Extensive customization is needed for industry-specialized OCRs that can understand domain terminology and data interdependencies.
In summary, today’s OCR systems may falter with non-standard document properties, unconstrained handwriting, complex file structures, contextual inference requirements, or highly-customized use cases – showing key vectors for improvement via emerging techniques.
Conclusion
While optical character recognition software has evolved substantially in capabilities, accuracy rates, and language support, some inherent limitations around image quality assumptions, handwriting recognition, complex document layouts, and contextual understanding still remain.
However, advanced techniques like intelligent document processing solutions that integrate OCR, natural language processing, and machine learning are beginning to overcome these restrictions.
As research continues, the boundaries of automated text extraction and comprehension will steadily expand – increasing adoption across industries.
Though precision gains will gradually taper, robust OCR will eventually fulfill its promise of fully replicating human-level reading and comprehension.
Frequently Asked Questions about OCR Accuracy
Here are some FAQs related to OCR accuracy and the answers:
What is a good accuracy for OCR?
A good OCR accuracy rate typically exceeds 95%. For critical applications like legal or financial document processing, striving for 98% or higher is recommended.
How do you evaluate OCR results?
OCR results are evaluated using metrics like Character Error Rate (CER) and Word Error Rate (WER), comparing OCR output against the original, error-free text.
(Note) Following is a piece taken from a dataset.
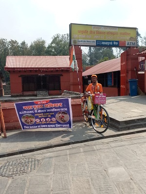 कलेक्टर अबिनाश मिश्रा की प्रेरणा एवं समाज कल्याण विभाग के मार्गदर्शन में तुलसीराम साहू 27 मार्च को साइकिल से नेपाल स्थित राधा स्वामी सत्संग व्यास डेरा के लिए रवाना हुए थे। करीब 20 दिनों की सतत यात्रा के बाद वे सफलतापूर्वक नेपाल पहुंच चुके हैं। अपनी इस यात्रा के दौरान उन्होंने विभिन्न स्थानों पर लोगों को नशे के दुष्प्रभावों के प्रति जागरूक किया और युवाओं को स्वस्थ एवं सकारात्मक जीवन शैली अपनाने का संदेश दिया।

What are the types of OCR errors?
Common OCR errors include substitution (wrong character recognition), deletion (missing characters), and insertion (adding extra characters).
What can OCR detect?
OCR can detect and convert printed or handwritten text from images or scanned documents into machine-readable form, including characters, words, and basic formatting.
What can cause OCR to fail?
OCR can fail due to poor image quality, complex layouts, unusual fonts, low contrast, language limitations, and errors in the OCR algorithm.
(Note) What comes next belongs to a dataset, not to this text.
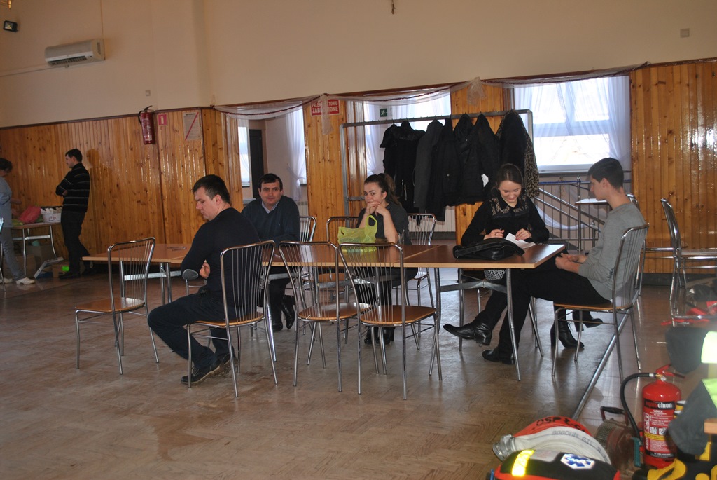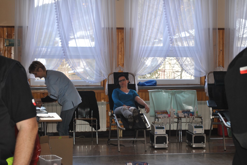 Nie zabrakło również osób, które podzieliły się największym darem jakim jest krew. Chęć oddania wyraziło aż 34 osoby, lecz ostatecznie krew mogło oddać 27 osób, co dało łącznie 12 litrów drogocennej krwi. Dziękujemy wszystkim dawcom oraz paniom z Regionalnego Centrum Krwiodawstwa i Krwiolecznictwa oddział w Limanowej, które poświęciły swój wolny czas żeby do nas przyjechać. Prowadziliśmy również loterię fantową gdzie każdy mógł nabyć ciekawe gadżety: książki, koszulki, kalendarze itp. Ponadto strażacy udzielali instruktażu udzielania pierwszej pomocy przedmedycznej, przy wsparciu kolegów strażaków z Ochotniczej Straży Pożarnej w Starej Wsi.

What are the problems with OCR technology?
Problems with OCR include handling cursive handwriting, recognizing rare fonts, managing noisy backgrounds, and inaccuracies with multilingual texts.
What is the difference between OCR and AI OCR?
Traditional OCR relies on pattern recognition, while AI OCR uses machine learning algorithms, improving accuracy and adaptability with different text styles and languages.